Le 2 janvier 1815, l’illustre poète épousa miss Milbanke, et le 25 avril de l’année suivante il quitta l’Angleterre pour n’y plus revenir. Trois semaines après son mariage, l’auteur de Childe-Harold s’entendait demander par sa femme « quand il aurait l’intention de renoncera ses habitudes de versification ! » Quel juste et tragique retour des choses d’ici-bas! Ce poète, que nous avons vu dans ses heures d’impertinence traiter ses vers avec dédain, et qui se voit à son tour dédaigné dans ses vers par la femme qu’il vient d’épouser et qu’il aime! Vers la fin de l’année naquit la petite Ada. L’orage cependant couvait. Un soir de janvier 1816, Scrope Davies, de qui nous tenons le fait, reçut à Cambridge une lettre de Mme Leigh, sœur consanguine de Byron. Sur ces quelques lignes très pressantes, l’ami se met en route, arrive à Londres et court à la maison de Picadilly, où Flechter en l’introduisant s’écrie : « Comme mylord sera content de vous voir, monsieur!
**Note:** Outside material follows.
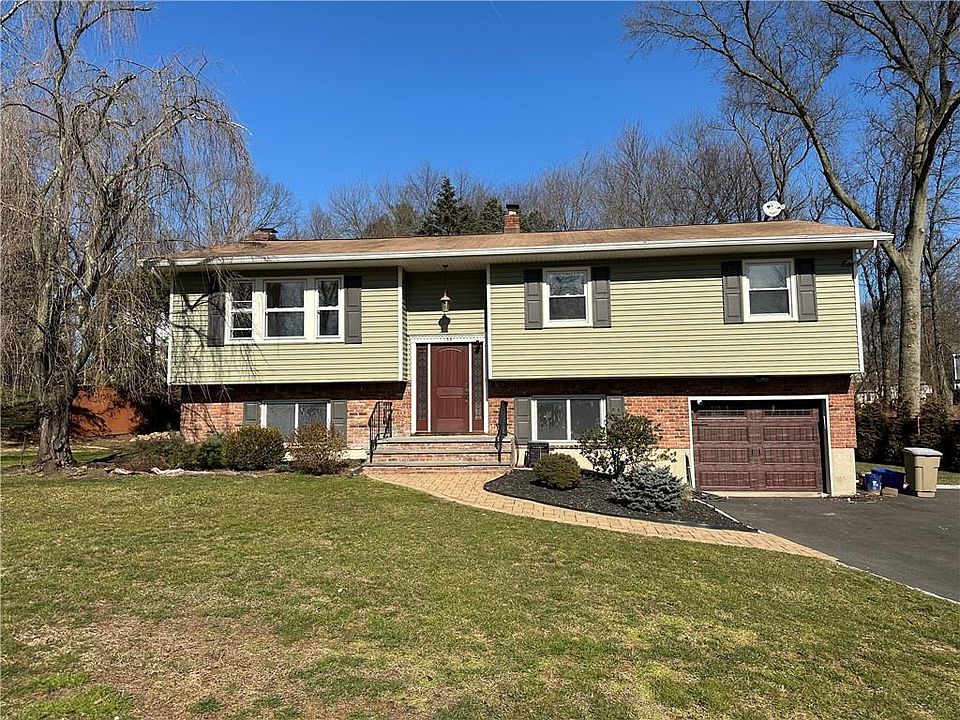 Welcome to this well-maintained expanded bi-level residence in a desirable cul-de-sac setting. 15 miles to NYC, making an easy NYC commute. The spacious kitchen has new cabinets, granite counters, Bosch super quiet dishwasher, a beverage/wine cooler and stainless appliances. The main level extends to an L-shaped living and dining room area, providing ample space for relaxation and gatherings. A primary suite, complete with an ensuite bath featuring a tiled shower, two additional bedrooms and a hall bathroom, complete the upper level. Sliding doors off the eat-in kitchen lead to a balcony and stairs descending to a paver patio, ideal for al fresco dining. The lower level provides two additional bedrooms, offering flexibility for guests or home office space. An expansive family room features a brick fireplace, perfect for cozy evenings in. An additional room leads to the laundry facilities and a one-car garage, ensuring convenience and organization. Sliding doors open to a two-level paver patio, extending the living space outdoors and providing a tranquil setting for entertaining or just quiet leisure time. This home seamlessly blends modern upgrades ie recessed lighting on main level) with functional design, offering a harmonious balance of comfort and style. Come make this your home! Additional Information: ParkingFeatures:1 Car Attached,
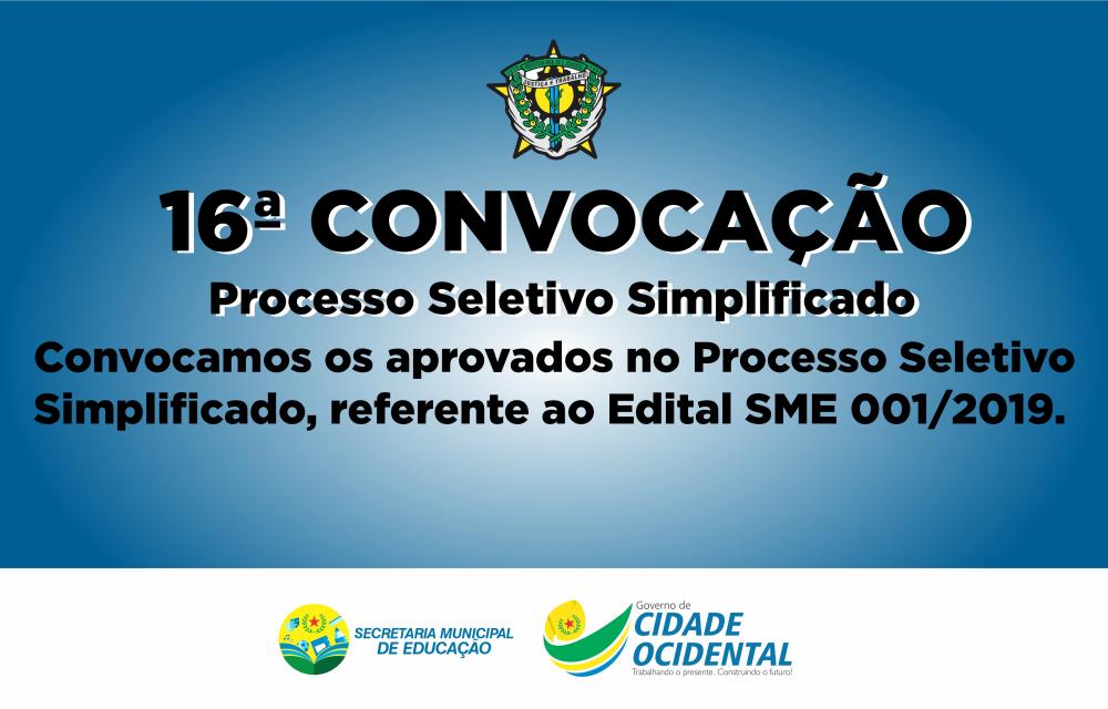 16ª CONVOCAÇÃO PROCESSO SELETIVO SME 001/2019

Il est bien souffrant. » M. Davies trouva Byron dans un état d’extrême agitation. Il se promenait de long en large. Chaque fois qu’il s’approchait de la cheminée, il en détachait une des miniatures qui l’ornaient, et silencieusement la plongeait dans le feu. A la fin, il s’assit devant le foyer, regarda fixement un dernier portrait. « Elle est morte, » soupira-t-il, et le portrait suivit les autres dans la flamme. Pendant tout ce temps, l’ami de Byron le regardait faire; puis enfin, avec un calme imperturbable : « Byron, tenez-vous absolument à ce que l’or de ces montures soit perdu? parce que, si cela vous était égal, je prendrais les cadres pour moi. » Et Scrope Davies s’empara des pincettes et se mit à retirer l’une après l’autre les bordures d’or des portraits. La diversion était opérée, et du monologue dramatique on passa bientôt à la simple causerie, tout en continuant à fourrager dans le feu. Cependant la dame de confiance de lady Byron ne tarda pas de survenir, demandant à mylord d’un air pincé si par le bruit qu’il se plaisait à faire il prétendait rendre sa maîtresse plus souffrante. « Dites à mylady, répliqua Byron redevenu gouailleur, que je fais ce bruit non point pour empirer son état, mais pour améliorer celui du feu. » Huit jours plus tard, lady Byron allait s’établir chez son père, et lord Byron avait à se retourner contre la tempête.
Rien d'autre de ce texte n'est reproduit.